DES FINANCEMENTS REÇUS PENDANT AU MOINS DOUZE ANS

Les "tobacco documents" révèlent aussi l'ampleur du financement par l'industrie des activités de recherche de Robert Molimard, professeur de médecine, fondateur de la Société de tabacologie (qu'il a présidée jusqu'en 2004) et du diplôme interuniversitaire de tabacologie. Sous le nom de code "Broca", le laboratoire de M. Molimard a touché près de 3,5 millions de francs français (700.000 euros courants) de Philip Morris entre 1986 et 1998. On ne sait si son financement a perduré au-delà de 1998, les archives de l'industrie n'étant pas encore intégralement numérisées. Mais le nom de Robert Molimard réapparaît en 2000 sur une liste de scientifiques sollicitant un financement de Philip Morris Europe pour l'année 2001...

Ces financements, reçus pendant au moins douze ans, n'ont pas été dévoilés par M. Molimard dans ses publications scientifiques. Ils contredisent sa déclaration d'intérêts au Formindep (association de médecins plaidant pour une formation et une information médicales indépendantes des firmes pharmaceutiques) dont il est membre du conseil d'administration. Il déclare en effet sur l'honneur n'avoir été sponsorisé par les cigarettiers qu'"entre 1988 et 1990", afin de "payer [s]a technicienne". Ses conventions signées avec Philip Morris mentionnent pourtant l'entretien d'un "chercheur à plein temps".

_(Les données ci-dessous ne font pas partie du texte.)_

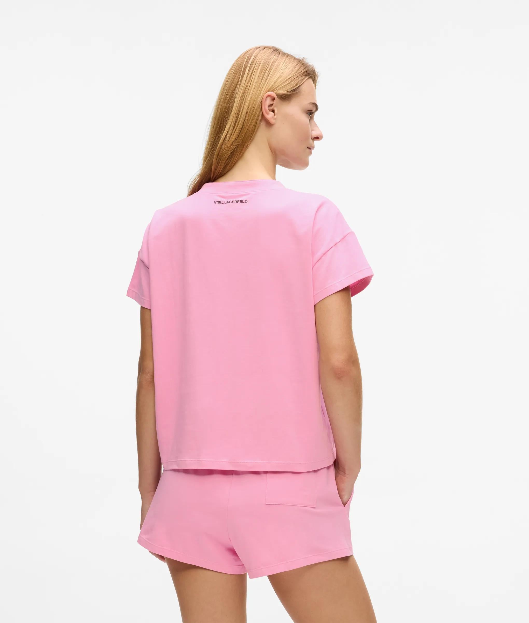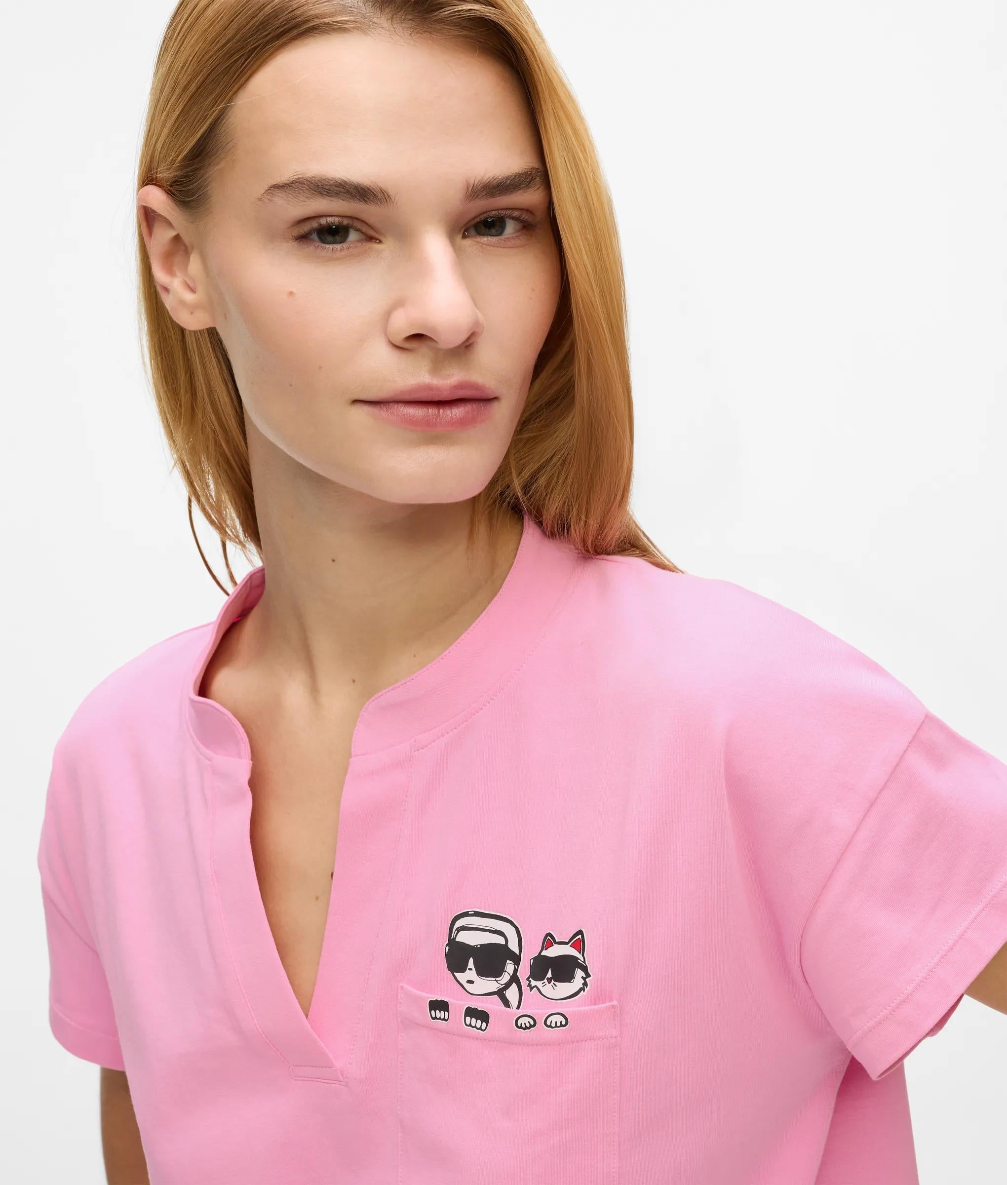 De strepen kabbelen zachtjes over deze korte pyjamaset met een ontspannen T-shirt met V-hals en een korte broek met elastische taille en zakken. Het Ikon kunstwerk voegt een speelse, onverwachte toets toe.

UN RÔLE STRATÉGIQUE AUPRÈS DES POUVOIRS PUBLICS

Pour l'industrie, soutenir Robert Molimard était évident. "Le professeur Molimard est considéré en France comme un des experts les plus importants sur le tabagisme", précise un mémo de Philip Morris, qui souligne également le rôle stratégique qu'il peut jouer auprès des pouvoirs publics: "Il a été membre de la commission officielle mise sur pied par le gouvernement pour discuter du tabagisme (la 'commission Hirsch')". M. Molimard voyait régulièrement Ian Marcovitch, sorte d'"agent traitant". Lors de ces rencontres, le tabacologue informait l'industrie de l'avancement de ses travaux, mais aussi des derniers développements politico-scientifiques concernant le tabac en France. Début décembre 1992, il annonce sa nomination au sein du groupe "additifs aux produits du tabac" piloté par le Conseil supérieur d'hygiène publique (ministère de la santé). Un groupe chargé d'établir une liste cruciale pour l'industrie: celle des additifs autorisés dans les cigarettes en France. En février 1993, Ian Marcovitch rend à nouveau visite à M. Molimard "pour avoir des nouvelles de l'évolution des travaux au sein du groupe d'experts sur les additifs du tabac".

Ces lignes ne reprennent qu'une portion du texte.